Taiwan-based Foxconn, the world’s largest contract manufacturer of electronics, has rapidly expanded its presence in India by investing in manufacturing facilities in the south of the country as the company seeks to move away from China.
Notably, Foxconn already has an iPhone factory in the state of Tamil Nadu, which employs 40,000 people.
V Lee, Foxconn‘s representative in India, in a LinkedIn post to mark Indian Prime Minister Narendra Modi’s 73rd birthday, said the company was “aiming for another doubling of employment, FDI (foreign direct investment), and business size in India” by this time next year.
In August this year, Karnataka governments had said that Foxconn has planned to invest $600 million for two projects in the state to make casing components for iPhones and chip-making equipment.
Earlier this month, Young Liu, Chairman and CEO of Hon Hai Technology Group (Foxconn) had said, ‘India will be an important country in terms of manufacturing in future’.

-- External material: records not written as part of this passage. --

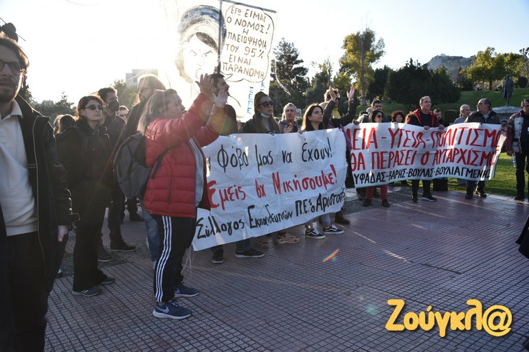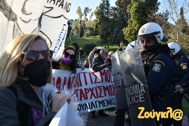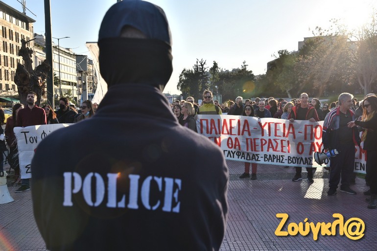 Συγκέντρωση διαμαρτυρίας έξω από την εκδήλωση Κεραμέως – Μητσοτάκη για την παρουσίαση του κυβερνητικού έργου στην Παιδεία, πραγματοποιούν εκπαιδευτικοί στο Μεγαρο Μουσικής.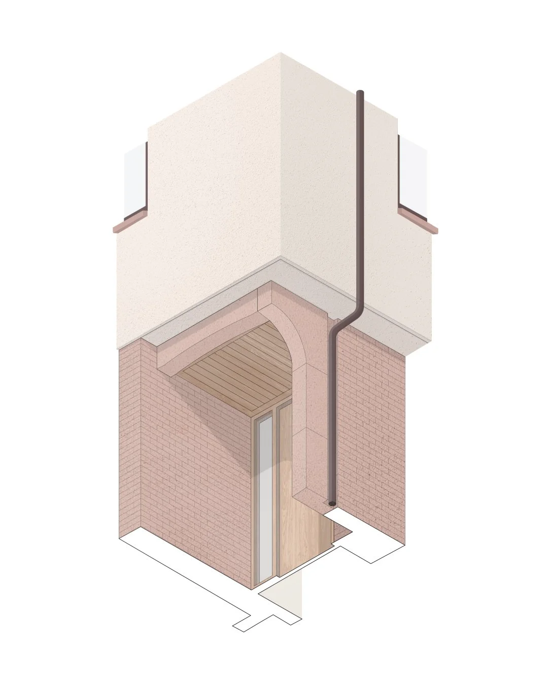 Design for sculptural stone porch surround, sourced from the same quarry as the brick masonry.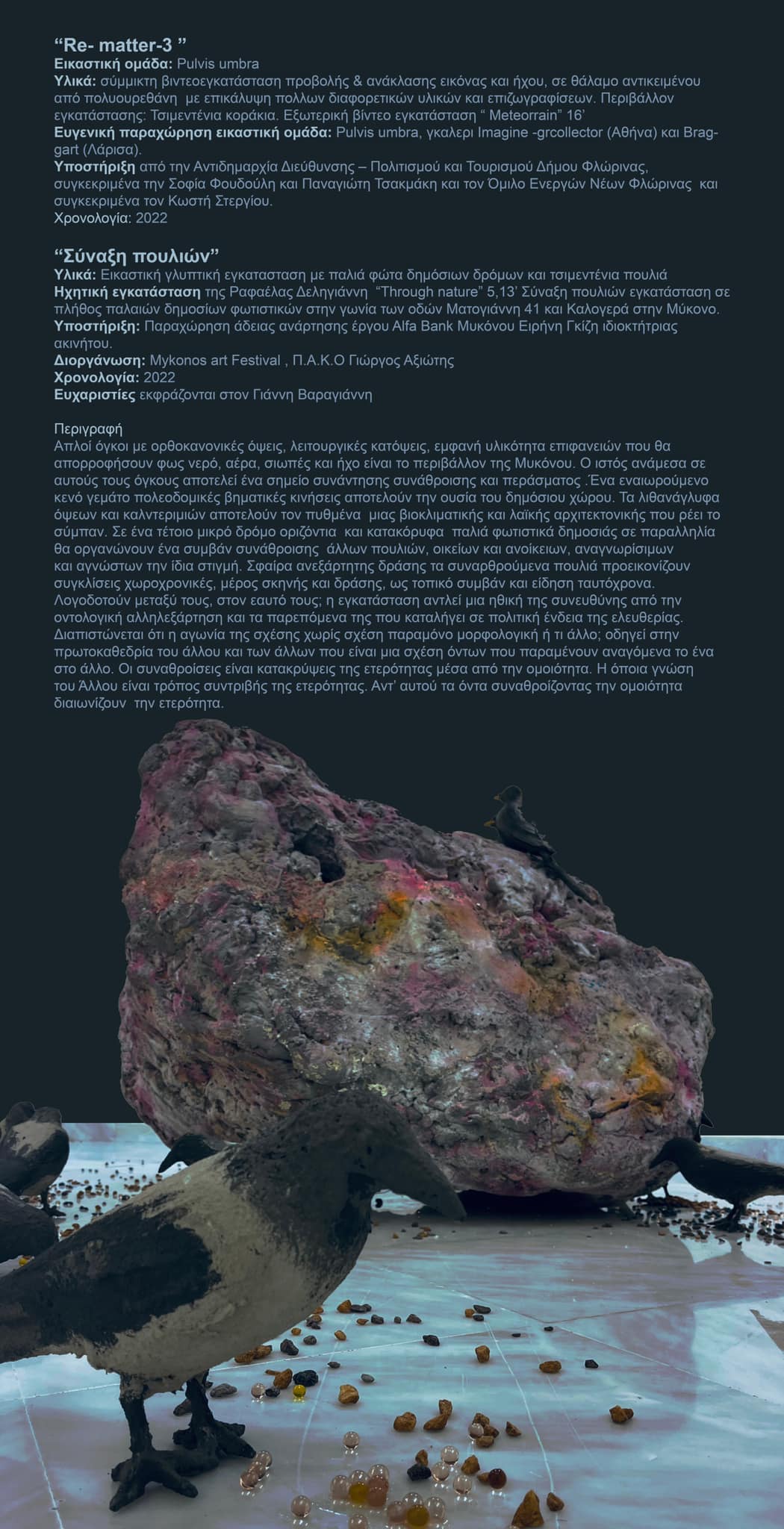 DIPOLA, faithful to its original goal of detecting creative forces, opens up to new artistic proposals and confrontations of works from different directions by new creators together with the professor of the school of fine arts of the University of Western Macedonia (based in Florina), Haris Kontosfyris, and the art group Pulvis Umbra , each giving their artistic position to the Municipal Art Gallery of Piraeus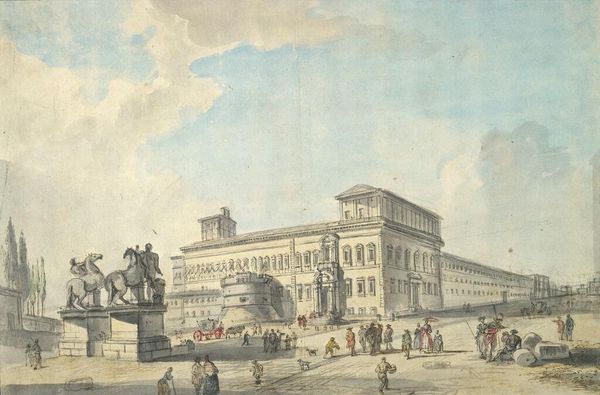 Giuseppe Gherardi's "Piazza Signoria" captures a bustling scene in one of Florence's most important public spaces, rendered with pen and brown ink and brown wash over graphite. The Piazza Signoria was not merely a backdrop; it was the stage upon which the dramas of Florentine political life played out, from grand ceremonies to public executions. The bodies that populate Gherardi's rendering, though small, speak volumes about the city's social structure. There is a clear delineation between those who appear to be merchants or laborers and the more formally dressed figures, likely members of the ruling class. Gender also subtly marks this space; women are present, but their roles seem less defined, their presence more muted than that of the men. This image invites us to consider how public spaces like the Piazza Signoria have historically been sites of both community and control, reflecting and reinforcing the power dynamics of their time. How do we reconcile the beauty and historical significance of such spaces with the knowledge that they were also stages for inequality and oppression?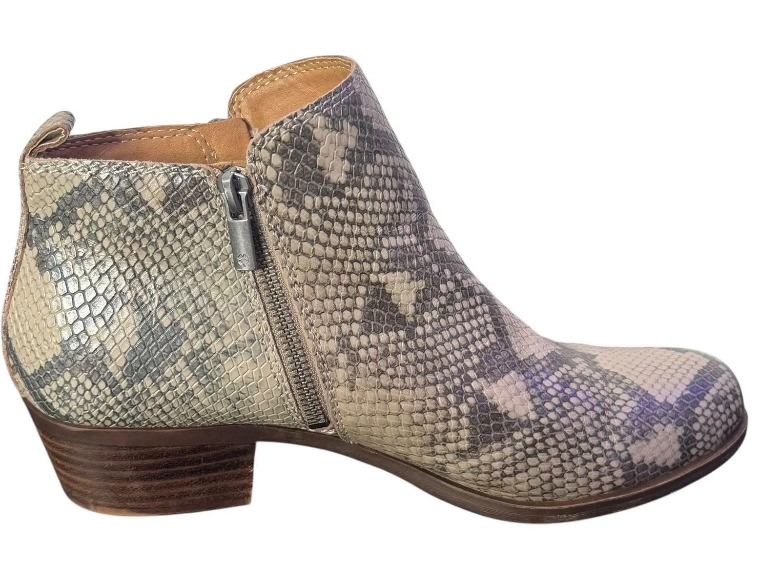 Lucky Brand Basel Booties Snakeskin Print Ankle Boots Zip Up Womens 9.5 Leather Pre Owned, In Great... Show more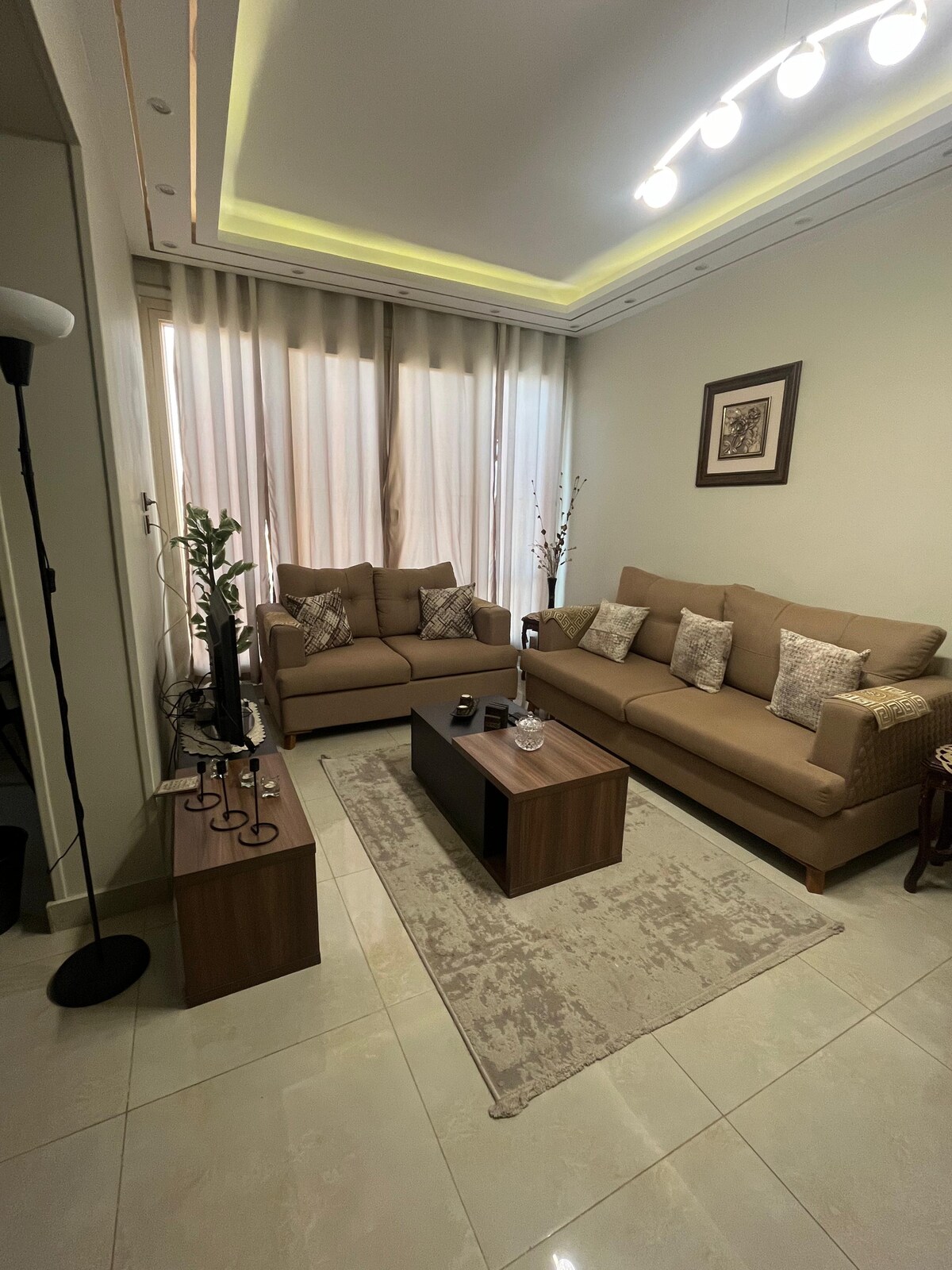 Gaudeix d'una residència elegant de dues habitacions al Caire, amb terres de marbre polit, interiors refinats i un ambient tranquil i acollidor on t'encantarà tornar. L'espai està dissenyat amb molta cura, amb línies netes, una il·luminació excel·lent i una sensació de comoditat en tot l'allotjament. La cuina està equipada per a tot, des de matins informals fins a nits relaxades, mentre que el sofà de felpa et convida a relaxar-te amb estil. Es té en compte cada detall per crear una estada relaxant i acollidora.

In the past, it took 30 years to build the entire supply chain ecosystem in China, he noted, adding that while it will take an “appropriate amount of time in India” and the process will be shorter given the experience. The environment too is not quite the same, he said pointing to the advent of new technologies like AI and generative AI.
Meanwhile, Apple Inc. has announced plans to make the India-built iPhone 15 available in the South Asian country and some other regions on the global sales debut day, according to a Bloomberg report.
While the vast majority of iPhone 15s will come from China, that would be the first time a latest generation, India-assembled device is available on the first day of sale, they said, asking not to be identified as the matter is private.
Apple introduced the iPhone 15, updated watches and AirPods at a gala event at its US headquarters. Sales of new products begin typically around 10 days after the unveiling.